Create a new folder in your web server public folder (www folder in most cases), let’s call this new folder “racingmath”. In it, create the following sub-folders and empty files, and copy the JS files contained in Quintus/lib where shown:

racingmath/index.html
racingmath/data/
racingmath/lib/   —> copy the Quintus/lib JS files here
racingmath/images/

The Files

Download the source code and game assets in this link. Unless you wanna ruin the fun don’t look at the code just yet. Copy the content of /images and /data to their corresponding counterparts in your project though.

Image attribution:

Terrain tiles http://opengameart.org/content/minecraft-ish-platformer-tiles
Created by nkorth, thanks for the artwork!
license: CC-By 3.0

Tough guys tiles http://opengameart.org/content/skyriot-sprites
Created by freedomforge, thanks for the artwork!
license: CC-By-SA 3.0

Pixelated bunny chick http://opengameart.org/content/twelve-more-characters-3-free-characters-and-a-child-template
Created by Antifarea, submitted by CharlesGabriel. Thanks for the artwork!
license: CC-BY 3.0

The Framework

Quintus is a framework with a focus on simplicity and clear syntax. It grabs concepts from JQuery, Underscore JS and other HTML5 game frameworks. You don’t need to have experience using these libraries in order to get started with Quintus, although it would certainly be of help.

Some useful links for this framework:

  • Quintus Github page. Before starting a new project make sure you are using the latest code. You can report bugs in this page. Also, like in other Open Source projects you can become an active contributor and add extra features.
  • Quintus homepage. Take a look at the platformer example, the introductory guide and the annotated source code to get a feel of the basics.
  • Google Plus Quintus community. If you have questions regarding the framework this is the place to ask. Also, as you become familiar with it you can respond other people’s questions as well.

The Basics

Before we get started with the actual game, I’d like to go through a few of the basic concepts when working with Quintus. These are covered in more depth in the intro guide at Quintus homepage.

1. Engine setup

You’ll always start your game by creating a new instance of the engine and including the modules that you want to use. There are some setup options as well that have to do with screen resolution. Running the following will initiate the engine and create a new canvas in your document. You can also specify your own canvas identifier:

var Q = Quintus()
             .include("Sprintes, Scenes, Input, 2D");
             .setup({width: 1000, height: 1000});

2. Classes

Quintus comes with it’s own implementation of John Resig’s simple JavaScript inheritance so that you can create classes and subclasses in the same way other OOP languages implement it.

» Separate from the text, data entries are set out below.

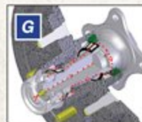
SUPERLUBE™ AXLES FOR FAST AND EASY LUBRICATION
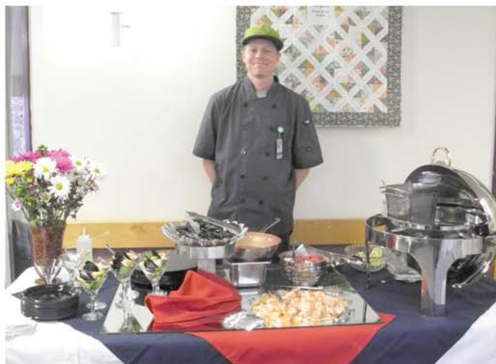
Sampling of the delicious food at the May BAH included mussels and shrimp
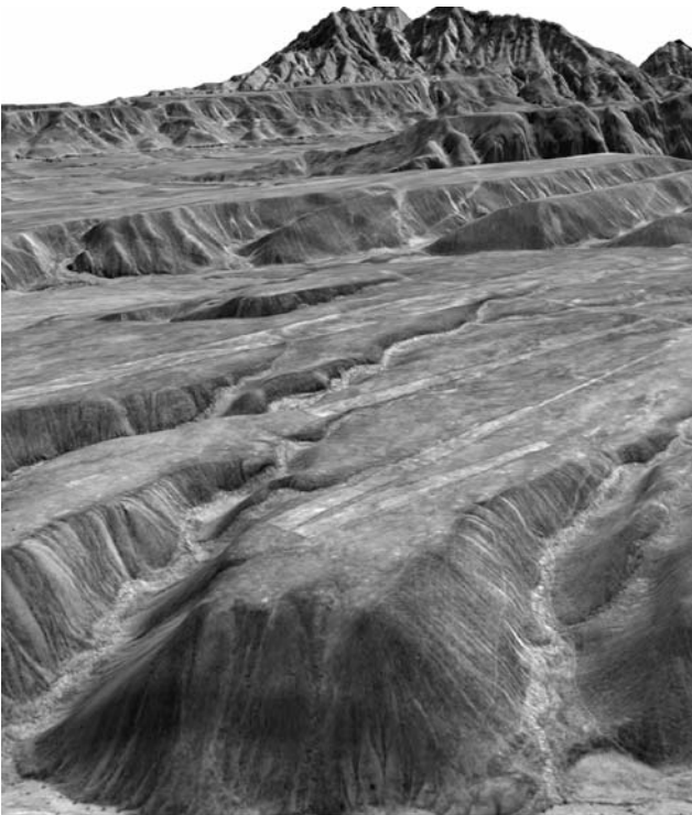
Fig. 3. Virtual view over Pampa de San Ignacio towards Cresta de Sacramento generated using ERDAS Imaging Virtual GIS 8.4.

Moving beyond the situation in Palpa, aerial photogrammetry has proven a powerful tool to efficiently document large sites in arid environments. In the desert on the Peruvian coast, many hitherto unrecorded prehispanic sites are nowadays in imminent danger of being destroyed by modern land use. Modern aerial photogrammetry can help to prevent the loss of these sites.

//this will extend the class Q.SomeClass, creating a new class called Q.SomeSubClass
Q.SomeClass.extend('SomeSubClass', {
    greet: function() {console.log('Hello GameDevAcademy');}
}    

//create an instance of Q.SomeSubClass
var subclass1 = new Q.SomeSubClass();
subclass1.greet() //"Hello GameDevAcademy" in your console 

There are more core basic concepts in this framework but we’ll look into them as we need them in our game.

The Initialization

Enough talking! let’s get started with our educational game. Put the following content in index.html:

<!DOCTYPE html>
<html>
    <head>
        <meta name="viewport" content="width=device-width, user-scalable=no" />
        <title></title>
        <meta http-equiv="Content-Type" content="text/html; charset=UTF-8">
        <script src='lib/quintus.js'></script>
        <script src='lib/quintus_sprites.js'></script>
        <script src='lib/quintus_scenes.js'></script>
        <script src='lib/quintus_input.js'></script>
        <script src='lib/quintus_anim.js'></script>
        <script src='lib/quintus_2d.js'></script>
        <script src='lib/quintus_touch.js'></script>
        <script src='lib/quintus_ui.js'></script>
    </head>
    <body style="background-color: black;">
        <script>
        </script>
    </body>
</html>

Inside the script tag let’s create our Quintus object and define which modules will be used in our math game:

var Q = Quintus()
            .include("Sprites, Scenes, Input, 2D, Touch, UI")
            .setup({
                width: 320,
                height: 480                
            }).touch();    

The modules that we’ll use in this game are:

  • Sprites: provides all the functionality to work with sprites in the game canvas. We won’t have to deal with the canvas directly. Instead, we’ll work with the sprite objects in order to define their position, size and image files.
  • Scenes: a scene here is basically a “layer” where you place sprites and read events and make stuff happen. When a scene goes live to the place that’s called “staging the scene”. You can have more than one scene staged at the same time, but they don’t interact directly with each other (for example having the scene game and an info scene showing the score and lives of the player
  • Input: this module takes care of user input.
  • Touch: this adds the support for touch screen devices. See how touch() was initiated after running .setup()
  • 2D: this adds features that are common to 2D games such as support for tiles, gravity, collision detection and speed.
  • UI: as the name suggests, this gives us a library of user interface elements such as buttons and input fields that get drawn on the canvas and we can use in our game
  • When you add a component in Quintus, that adds

    The Assets

    Instead of working with different image files for each character, terrain or item in our, Quintus allows us to create spritesheets that consist in an image file containing the sprites, and a json file with the coordinates and names of each sprite. Take a look at sprites.png and tiles.png in the folder /images, and the corresponding .json files in /data to see what I mean.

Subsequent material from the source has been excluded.